The other finalists for the 2005 Trial Lawyer of the Year Award, also honored at the gala, were:

• Chicago-based lawyers Michael I. Behn of Futterman Howard, Steven A. Miller of Sachnoff & Weaver, Bruce C. Howard of Robert D. Allison & Associates, Michael Jaskula of Soule, Bradtke & Lambert, and Thomas Asch, then “of counsel” to Sachnoff & Weaver, who in U.S. ex rel. Robinson v.
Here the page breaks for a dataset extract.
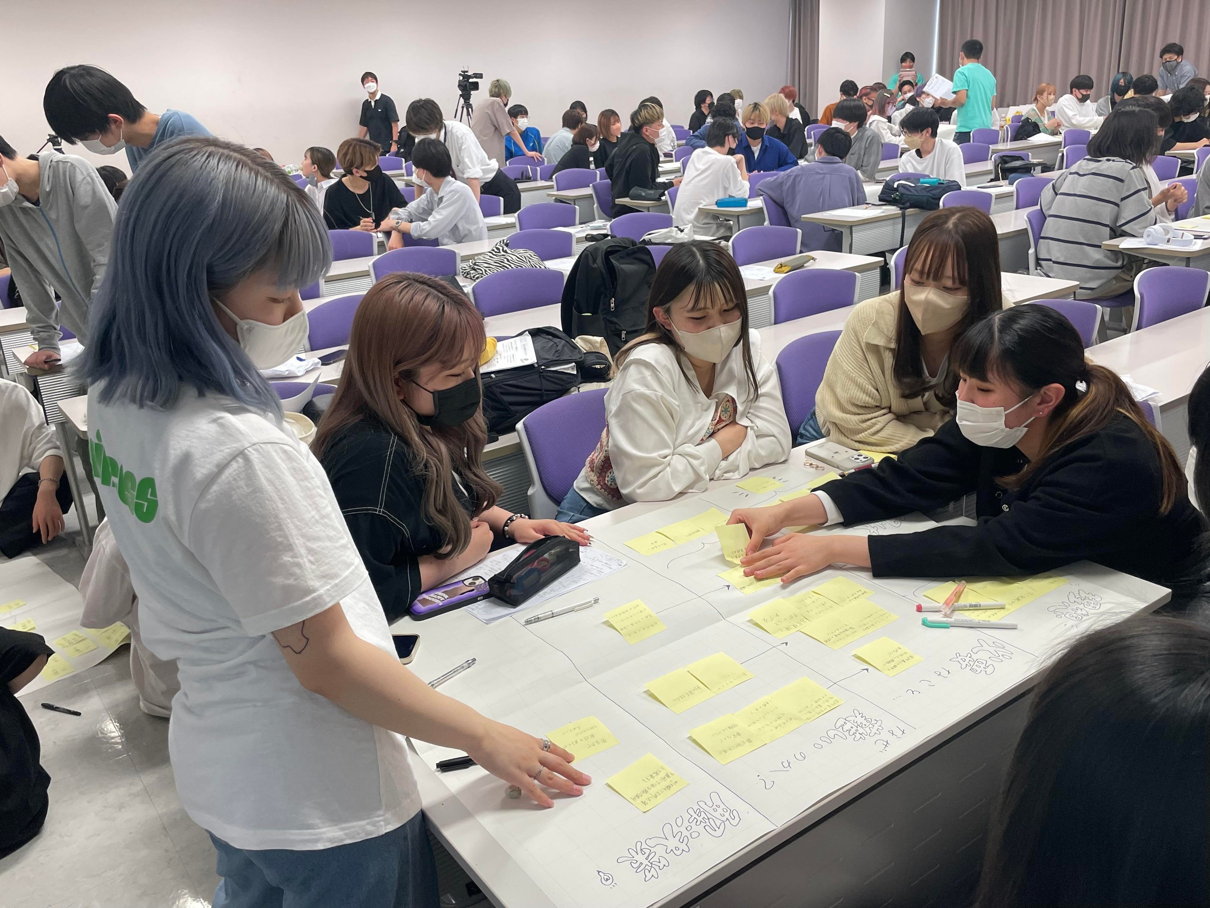 前半2時間で学生が選んだテーマに関する講演や体験を通して社会問題に関する知識をインプットし、後半の1時間30分で各テーマにおける解決策の立案をグループごとに実施しました。

Northrop Grumman Corporation used the qui tam or “whistleblower” provisions of the federal False Claims Act to achieve a $133 million settlement and win justice after 16 years for two whistleblowers who were fired and blackballed for exposing massive fraud against the Pentagon in the mid-to-late 1980s at Northrop Grumman Corporation, one of the nation’s largest defense contractors. “Smoking gun” evidence uncovered by the plaintiffs’ legal team showed that Northrop concealed major accounting irregularities and misled Pentagon auditors.
 
• Russ M. Herman and Stephen J. Herman of Herman, Herman, Katz & Cotlar, L.L.P., in New Orleans, Bruce C. Dean of Bruce Dean, L.L.C. and Deborah M. Sulzer of Gauthier, Houghtaling, Williams, and Sulzer, both in Metairie, Louisiana, Robert L. Redfearn of New Orleans’ Simon, Peragine, Smith & Redfearn, Stephen B. Murray, Sr., and Stephen B. Murray, Jr., of New Orleans’ Murray Law Firm, Walter J. Leger and Christine L. DeSue of New Orleans’ Leger and Mestayer, Joseph M. Bruno and David S. Scalia of New Orleans’ Bruno and Bruno, Kenneth M. Carter of New Orleans’ Kenneth M. Carter, PLC, solo practitioner W. James Singleton of Shreveport, Raul R. Bencomo of New Orleans’ Bencomo and Associates, Meyer H. Gertler and Louis L. Gertler of New Orleans’ Gertler, Gertler, Vincent & Plotkin, Daniel E. Becnel, Jr., of Law Offices of Daniel E. Becnel, Jr. in Reserve, Louisiana, and Jack M. Bailey, Jr., of Shreveport’s Law Offices of Jack M. Bailey, Jr., who won a landmark May 2004 jury verdict in Scott v. American Tobacco Company, a class action suit against Big Tobacco. The Scott jury ordered the tobacco industry to pay $590 million for a 10-year program of smoking cessation strategies to help Louisiana smokers kick the habit – the nation’s first tobacco industry-funded program of this kind. The verdict covers hundreds of thousands of state residents who took up smoking between 1954, when the tobacco industry began its 50-year cover-up about nicotine addiction and smoking’s connection to disease, and May 1996, when the suit was filed.
 
• Patrick J. McGroder of the Phoenix firm Gallagher & Kennedy, P.A., and David L. Perry of Perry & Haas in Corpus Christi, Texas, who have made the country’s most popular police car –  Ford’s Crown Victoria Police Interceptor – safer for officers across the nation, achieving a confidential settlement in Schechterle v. Ford Motor Company for a Phoenix police officer severely burned in a post-collision fire caused by the vehicle’s dangerous design. Through eight other Crown Vic cases, and a far-reaching public education campaign, McGroder and Perry have forced Ford to retrofit approximately 350,000 police cruisers to correct the safety defect that has led to the burning deaths of 18 officers.